Tips for Effective Practice:
  • Take It Slow: Start with simple maneuvers and gradually increase the difficulty as you become more comfortable.
  • Use a Spotter: If possible, have someone assist you as a spotter. They can provide guidance and feedback, especially when practicing backing up and parking.
  • Record Your Sessions: Consider recording your practice sessions using a dashcam or a smartphone. Reviewing the footage can help you identify areas for improvement.
  • Learn from Others: Join RV forums or groups where experienced RVers share their tips and tricks. The iRV2 forums are a great place to gain valuable insights and advice from those who have been on the road for a while.

By taking the time to practice driving or towing your RV, you’ll be better prepared for your solo travels. This preparation will not only make your trips safer but also more enjoyable and stress-free.

10. Bring a Dog (or Two) on Your Solo Travel Adventures

Bringing your dog along on your solo RV travels can be a delightful and reassuring experience. Dogs make excellent traveling companions and provide an added layer of security. They are always eager to explore new places and can alert you to unusual activity at your campsite. Here’s how to ensure a safe and enjoyable journey with your furry friends:

Benefits of Traveling with Dogs:
  • Companionship: Dogs offer constant companionship, which can alleviate feelings of loneliness during solo travels.
  • Security: They act as an early warning system, alerting you to any unusual activity around your campsite.
  • Routine: Traveling with a dog helps maintain a routine, as you’ll need to walk and feed them regularly.
Tips for Safe and Happy Travels with Your Dog:
  • Proper Identification: Ensure your dog wears a collar or harness with an ID tag that includes your current phone number and a tag with your campsite number. This helps in quickly locating them if they wander off.
  • Carry Veterinary Records: Always have up-to-date veterinary information, including vaccine records, with you. This is crucial in case of a medical emergency.
  • Locate Nearest Veterinarian: Before you settle at a campground, find out where the nearest veterinarian is located. Having this information readily available can save precious time in an emergency.
  • Leash and Containment: Keep your dog on a leash or in a fenced area when they are not inside the RV. This ensures their safety and prevents them from wandering into dangerous areas or disturbing other campers.
  • Comfort and Safety in the RV: Make sure your RV is comfortable for your dog. Bring their favorite bed, toys, and enough food and water. Ensure good ventilation and temperature control inside the RV.
Additional Tips:
  • Pet-Friendly Campgrounds: Research and choose campgrounds that are pet-friendly and have amenities like dog parks or walking trails.
  • Health Check: Before setting off on your trip, take your dog for a health check-up to ensure they are fit for travel.
  • Pet First Aid Kit: Pack a pet-specific first aid kit that includes items like bandages, antiseptic wipes, tweezers, and any medications your dog might need.

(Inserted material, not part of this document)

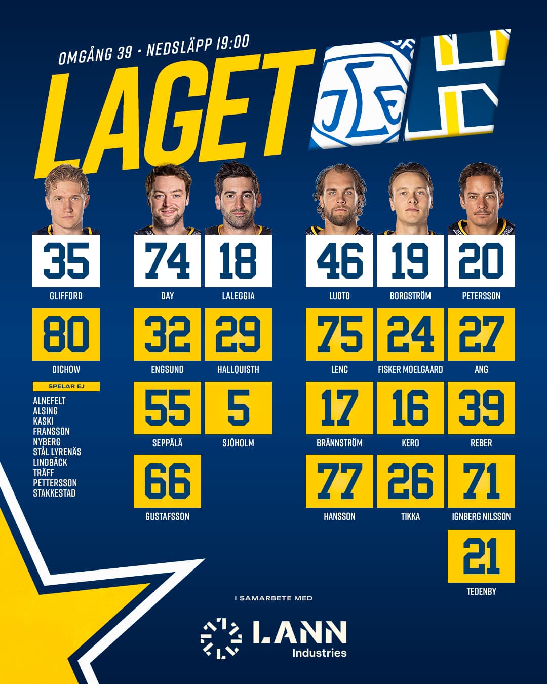 Enda förändringen idag är alltså att Glifford kliver in mellan stolparna. Detta pga skada på alnefelt.

Traveling with a dog can make your solo RV adventures more enjoyable and secure. By following these tips, you can ensure that both you and your furry friend have a safe and memorable journey.

11. Take Frequent Breaks and Limit Driving Time

Driving an RV can be deceptively tiring, especially when traveling solo. To ensure safety and maintain your well-being, it’s essential to take regular breaks and limit your driving time each day. Here’s how you can manage your driving time effectively:

Benefits of Taking Breaks and Limiting Driving Time:
  • Prevent Fatigue: Long hours behind the wheel can lead to fatigue, which impairs your reaction time and decision-making abilities. Taking breaks helps you stay alert and focused.
  • Physical Health: Stretching and walking around during breaks can prevent stiffness and improve circulation, reducing the risk of health issues associated with prolonged sitting.
  • Mental Well-being: Breaks give you a chance to relax and take in the local sights, making your journey more enjoyable and less stressful.
Tips for Effective Breaks and Driving Limits:
  • Frequent Rest Breaks: Take a rest break at least every two hours. Use this time to stretch, walk around, and refresh yourself. This helps prevent fatigue and keeps you energized.
  • Limit Driving Time: Aim to drive no more than 5 hours a day. This translates to about a 7-8 hour day when you factor in rest breaks and a longer lunch break. Limiting your driving time reduces the risk of accidents and ensures you arrive at your destination safely.
  • Plan Your Stops: Before setting out, plan your stops for rest breaks, meals, and overnight stays. Knowing when and where you’ll take breaks can help you manage your time more effectively.
  • Stay Flexible: Be prepared to adjust your plans if you start feeling tired sooner than expected. It’s better to stop early and rest than to push yourself and risk an accident.

By incorporating regular breaks and limiting your daily driving time, you can ensure a safer and more enjoyable solo RV travel experience. This approach not only keeps you safe on the road but also allows you to make the most of your journey by exploring new places along the way.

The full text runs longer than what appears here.